Seems like a great opportunity to use SQLite, then folks could share around database files. Why the hell don't more people use SQLite for things like this?
The author ('tilbert) is hellbanned. You can see his comments when you turn on showdead in your profile.
Re SQLite, he replied: "@coleifer: there was a sqlite branch, but it doesn't scale well to many-million record sets which is what I have been doing. the design of the software allows drop-in db replacement, it just lacks the code. I can't decide to go back and sqlite or to just make a web front-end."
Comments by some (not all) new accounts are killed by default when they look like possible spam or troll activity. It's not a great solution because it leads to false positives like this one. On the other hand, doing nothing is worse. It's a hard problem, and it certainly doesn't mean that the user is banned.
We're about to release software to let the community unkill these, which we hope will be a much better solution.
> The core of webXray is a python program which ingests addresses of webpages, passes them to the headless web browser PhantomJS, and parses requests in order to determine those which go to domains which are exogenous to the primary (or first-party) domain of the site.
Naturally this means a different user agent and finger print which could ultimately mean the script is fed a different page altogether. The odds of that are probably low but still; someone could have a really shitty website that uses hundreds of trackers but could serve WebXray something completely without them.

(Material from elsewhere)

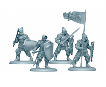 The A Song of Ice and Fire: Tabletop Miniatures Game Tully Sworn Shields unit box gives House Stark players a bulwark on the battlefield. Sworn Shields can utilize their Shieldwall order to negate hits to their front facing, dulling an enemy charge or subsequent attacks against them. Meanwhile, their trusty longswords will show that this unit isn’t entirely defensive in nature. The set includes 12 miniatures in four different sculpts, along with the unit’s stat card and movement tray.

I would like to see this type of stuff as web browser extensions. That way we can get the exact, most correct information possible. Also would simplify a semi-convoluted build process that seems to have tripped up a few readers.
Firefox has an extension called Lightbeam which does this. The author of the WebXRay software, tilbert, has already noted in a comment below that his software can be run in batch mode on multiple sites which is an advantage over the extension.
The major ad blocking extensions could do this. They already know about the requests. It's also possible to change the user-agent (say, use the top 10) and quickly gather the data using a bunch of cloud servers.
Yes, but they can figure out what on the blacklist was used for a given site. For example, Ghostery has Ghostrank which is pretty similar to this--it sends back to advertisers what stuff was blocked.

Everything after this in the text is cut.